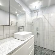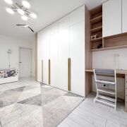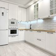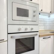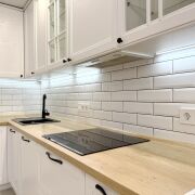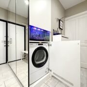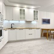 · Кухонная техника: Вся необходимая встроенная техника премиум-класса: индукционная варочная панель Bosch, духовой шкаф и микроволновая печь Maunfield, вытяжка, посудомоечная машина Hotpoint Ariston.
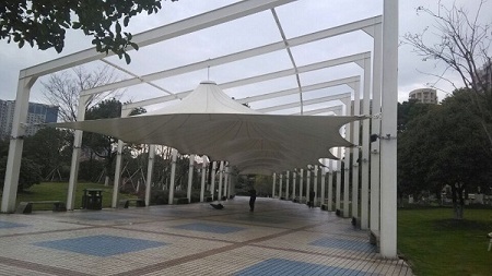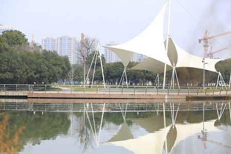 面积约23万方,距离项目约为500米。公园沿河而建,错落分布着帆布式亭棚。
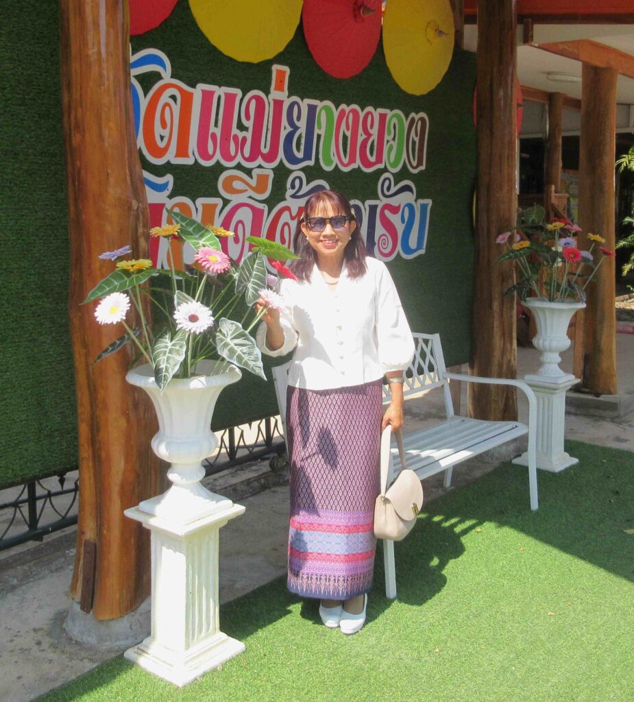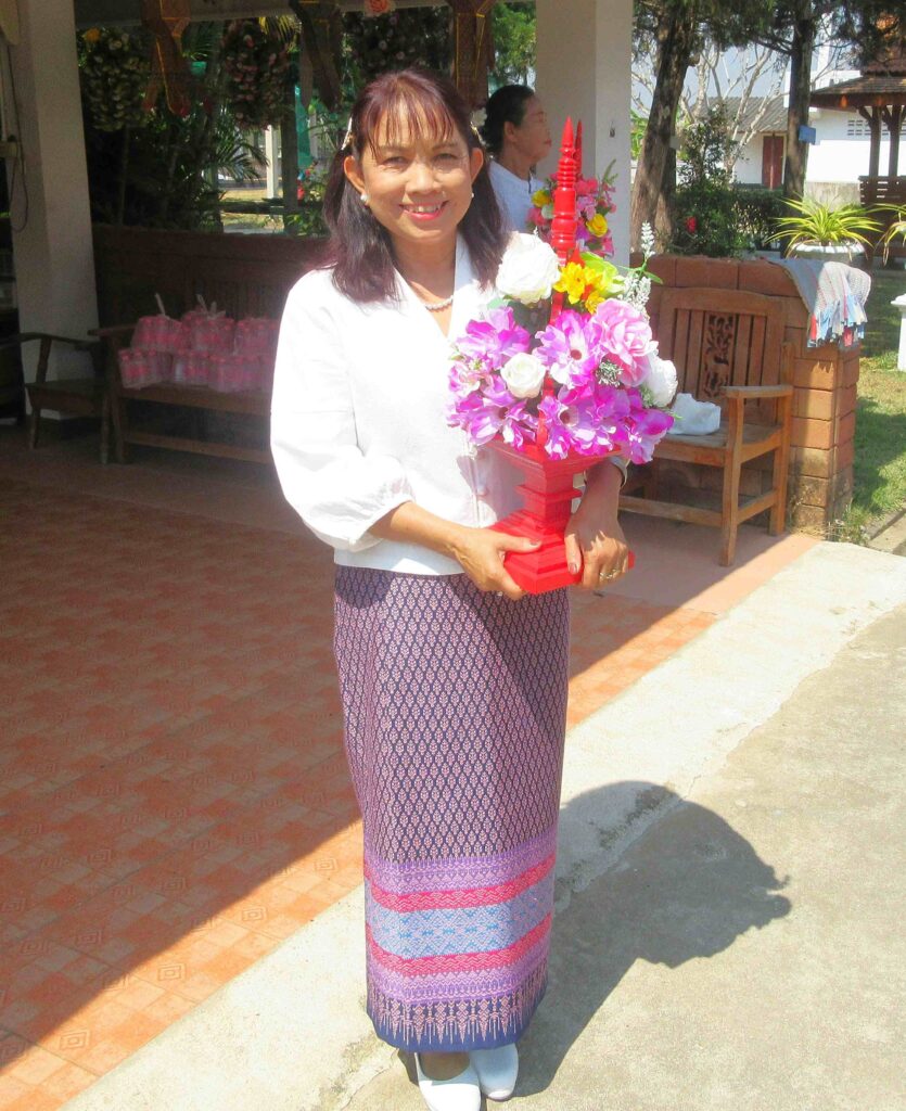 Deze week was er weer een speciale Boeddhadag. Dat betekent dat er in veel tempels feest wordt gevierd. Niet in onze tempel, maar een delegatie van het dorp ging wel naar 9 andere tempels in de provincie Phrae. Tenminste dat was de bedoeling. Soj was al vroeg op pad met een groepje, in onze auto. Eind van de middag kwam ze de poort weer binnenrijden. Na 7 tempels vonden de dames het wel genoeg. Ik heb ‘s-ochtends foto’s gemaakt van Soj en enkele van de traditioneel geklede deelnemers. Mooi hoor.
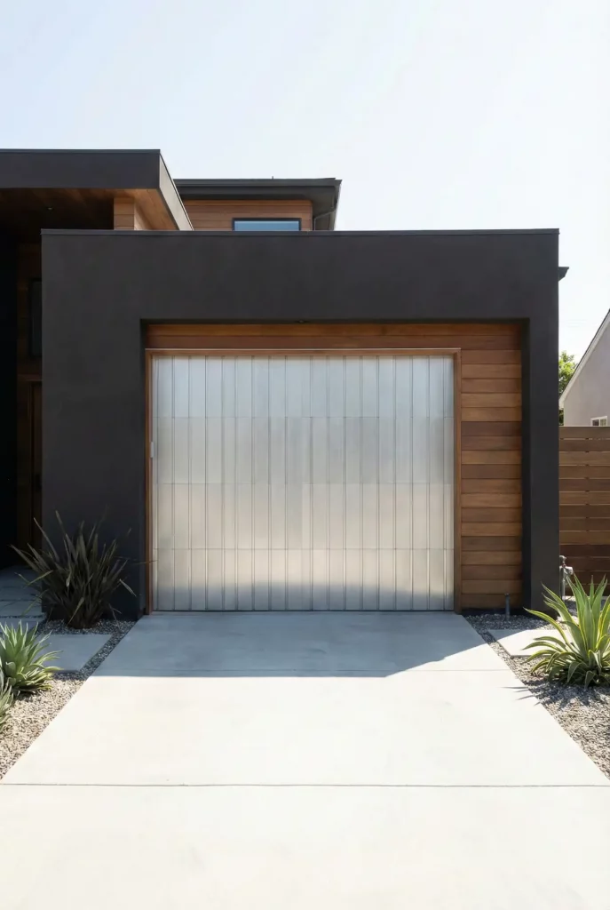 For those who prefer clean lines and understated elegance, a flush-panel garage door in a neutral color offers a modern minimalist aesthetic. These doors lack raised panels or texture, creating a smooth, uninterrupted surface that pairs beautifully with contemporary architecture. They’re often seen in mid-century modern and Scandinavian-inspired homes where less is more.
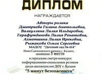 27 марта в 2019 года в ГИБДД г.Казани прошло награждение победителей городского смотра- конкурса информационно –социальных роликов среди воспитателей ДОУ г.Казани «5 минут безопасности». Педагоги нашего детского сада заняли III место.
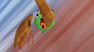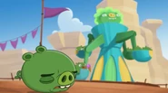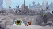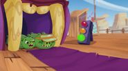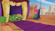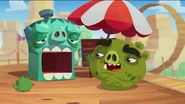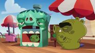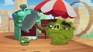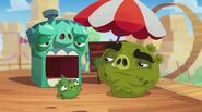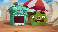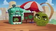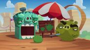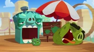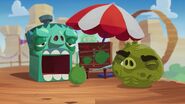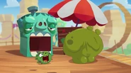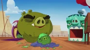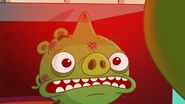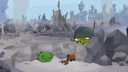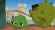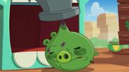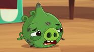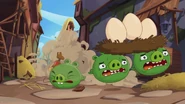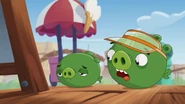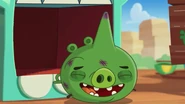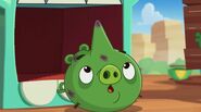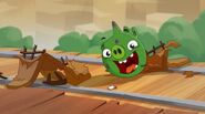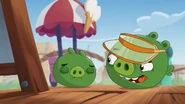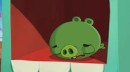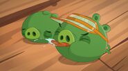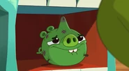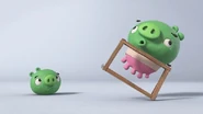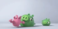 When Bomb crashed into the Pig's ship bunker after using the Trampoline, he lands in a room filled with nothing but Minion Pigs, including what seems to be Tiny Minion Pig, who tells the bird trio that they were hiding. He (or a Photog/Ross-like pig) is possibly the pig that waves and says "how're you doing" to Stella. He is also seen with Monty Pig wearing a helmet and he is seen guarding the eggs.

====

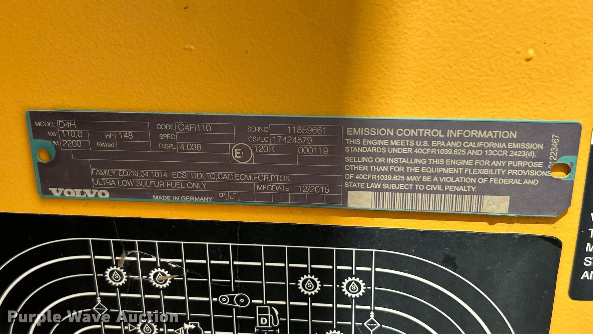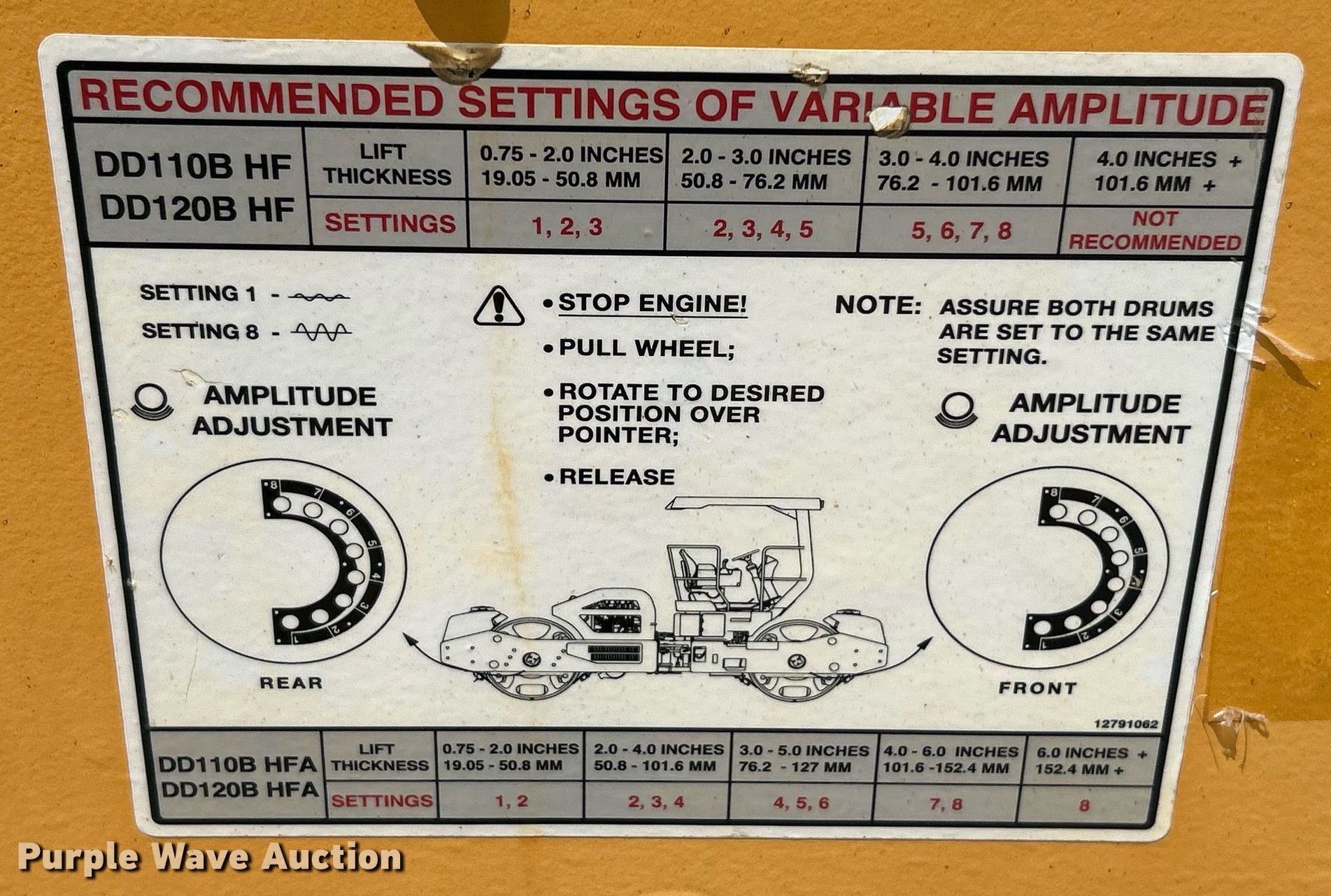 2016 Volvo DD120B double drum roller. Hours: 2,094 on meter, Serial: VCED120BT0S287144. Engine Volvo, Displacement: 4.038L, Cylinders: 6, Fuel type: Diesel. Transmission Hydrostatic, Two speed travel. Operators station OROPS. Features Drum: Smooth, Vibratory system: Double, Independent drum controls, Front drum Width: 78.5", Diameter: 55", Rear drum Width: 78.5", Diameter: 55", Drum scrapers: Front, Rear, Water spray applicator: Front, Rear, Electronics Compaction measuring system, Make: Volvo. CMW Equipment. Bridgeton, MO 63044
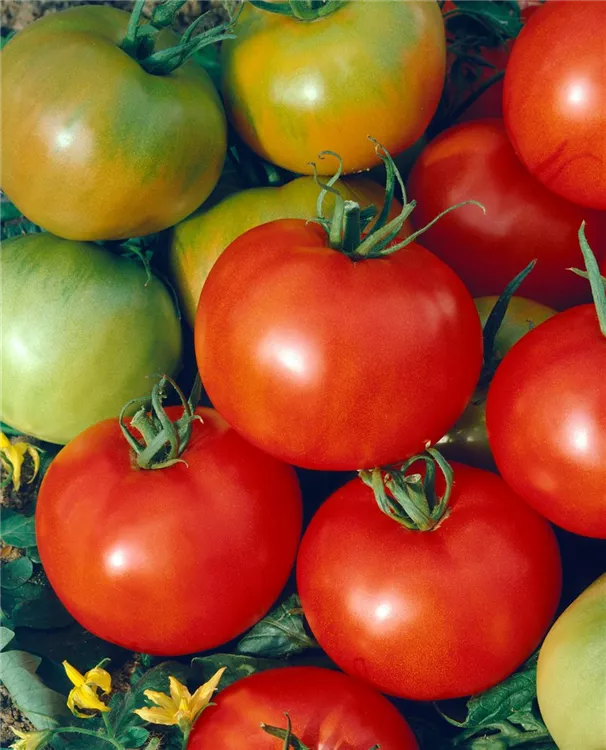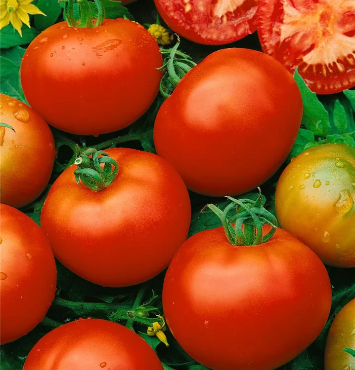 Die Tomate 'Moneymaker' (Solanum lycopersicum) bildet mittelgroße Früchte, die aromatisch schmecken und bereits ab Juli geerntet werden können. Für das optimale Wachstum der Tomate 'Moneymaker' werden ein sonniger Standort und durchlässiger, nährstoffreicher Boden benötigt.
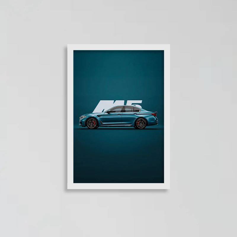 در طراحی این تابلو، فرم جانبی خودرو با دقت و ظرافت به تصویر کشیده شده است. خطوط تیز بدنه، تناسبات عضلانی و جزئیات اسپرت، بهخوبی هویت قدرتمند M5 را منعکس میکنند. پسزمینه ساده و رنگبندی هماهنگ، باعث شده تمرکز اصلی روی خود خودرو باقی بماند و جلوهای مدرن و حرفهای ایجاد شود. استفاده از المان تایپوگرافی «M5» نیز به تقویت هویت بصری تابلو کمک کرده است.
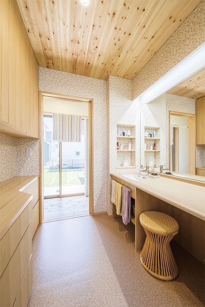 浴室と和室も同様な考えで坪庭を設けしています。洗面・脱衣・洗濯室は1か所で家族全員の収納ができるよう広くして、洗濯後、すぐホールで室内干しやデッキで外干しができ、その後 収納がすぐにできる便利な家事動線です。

====

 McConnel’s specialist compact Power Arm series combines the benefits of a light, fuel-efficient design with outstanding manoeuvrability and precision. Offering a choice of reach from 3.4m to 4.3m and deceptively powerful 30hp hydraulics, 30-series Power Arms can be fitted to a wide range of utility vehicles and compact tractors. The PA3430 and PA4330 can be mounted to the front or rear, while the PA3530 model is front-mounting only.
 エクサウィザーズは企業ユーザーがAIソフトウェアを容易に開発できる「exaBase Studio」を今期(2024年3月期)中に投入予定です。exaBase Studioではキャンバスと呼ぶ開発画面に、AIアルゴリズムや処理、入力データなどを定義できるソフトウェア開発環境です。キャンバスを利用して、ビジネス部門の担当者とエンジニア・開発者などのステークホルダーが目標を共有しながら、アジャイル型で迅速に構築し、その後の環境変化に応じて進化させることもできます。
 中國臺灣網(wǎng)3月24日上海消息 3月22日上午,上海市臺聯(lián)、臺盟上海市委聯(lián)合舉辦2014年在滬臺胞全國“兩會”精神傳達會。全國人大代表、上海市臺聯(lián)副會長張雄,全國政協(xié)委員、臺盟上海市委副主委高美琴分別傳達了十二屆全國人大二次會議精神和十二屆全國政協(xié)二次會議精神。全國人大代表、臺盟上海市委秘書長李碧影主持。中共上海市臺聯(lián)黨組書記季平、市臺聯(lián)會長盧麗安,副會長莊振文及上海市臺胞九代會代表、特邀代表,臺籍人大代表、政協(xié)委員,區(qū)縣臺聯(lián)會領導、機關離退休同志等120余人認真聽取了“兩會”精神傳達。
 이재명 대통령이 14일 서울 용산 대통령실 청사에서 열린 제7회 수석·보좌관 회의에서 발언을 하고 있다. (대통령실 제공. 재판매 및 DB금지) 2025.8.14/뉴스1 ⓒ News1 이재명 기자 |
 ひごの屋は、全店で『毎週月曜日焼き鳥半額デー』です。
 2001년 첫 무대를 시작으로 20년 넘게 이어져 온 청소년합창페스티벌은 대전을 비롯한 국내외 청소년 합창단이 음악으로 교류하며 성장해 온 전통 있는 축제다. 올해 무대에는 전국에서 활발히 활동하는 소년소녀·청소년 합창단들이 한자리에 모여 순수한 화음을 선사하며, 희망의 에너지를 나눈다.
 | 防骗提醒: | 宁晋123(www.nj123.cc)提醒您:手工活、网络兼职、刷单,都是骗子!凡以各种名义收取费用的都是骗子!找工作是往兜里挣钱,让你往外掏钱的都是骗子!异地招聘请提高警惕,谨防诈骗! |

====

When you reach the line that has "Deze week was" in the data above, start repeating lines exactly, and stop after the line that has "When Bomb crashed"; pictures stay out.

### TASK SOLUTION
 Deze week was er weer een speciale Boeddhadag. Dat betekent dat er in veel tempels feest wordt gevierd. Niet in onze tempel, maar een delegatie van het dorp ging wel naar 9 andere tempels in de provincie Phrae. Tenminste dat was de bedoeling. Soj was al vroeg op pad met een groepje, in onze auto. Eind van de middag kwam ze de poort weer binnenrijden. Na 7 tempels vonden de dames het wel genoeg. Ik heb ‘s-ochtends foto’s gemaakt van Soj en enkele van de traditioneel geklede deelnemers. Mooi hoor.
 For those who prefer clean lines and understated elegance, a flush-panel garage door in a neutral color offers a modern minimalist aesthetic. These doors lack raised panels or texture, creating a smooth, uninterrupted surface that pairs beautifully with contemporary architecture. They’re often seen in mid-century modern and Scandinavian-inspired homes where less is more.
 27 марта в 2019 года в ГИБДД г.Казани прошло награждение победителей городского смотра- конкурса информационно –социальных роликов среди воспитателей ДОУ г.Казани «5 минут безопасности». Педагоги нашего детского сада заняли III место.
 When Bomb crashed into the Pig's ship bunker after using the Trampoline, he lands in a room filled with nothing but Minion Pigs, including what seems to be Tiny Minion Pig, who tells the bird trio that they were hiding. He (or a Photog/Ross-like pig) is possibly the pig that waves and says "how're you doing" to Stella. He is also seen with Monty Pig wearing a helmet and he is seen guarding the eggs.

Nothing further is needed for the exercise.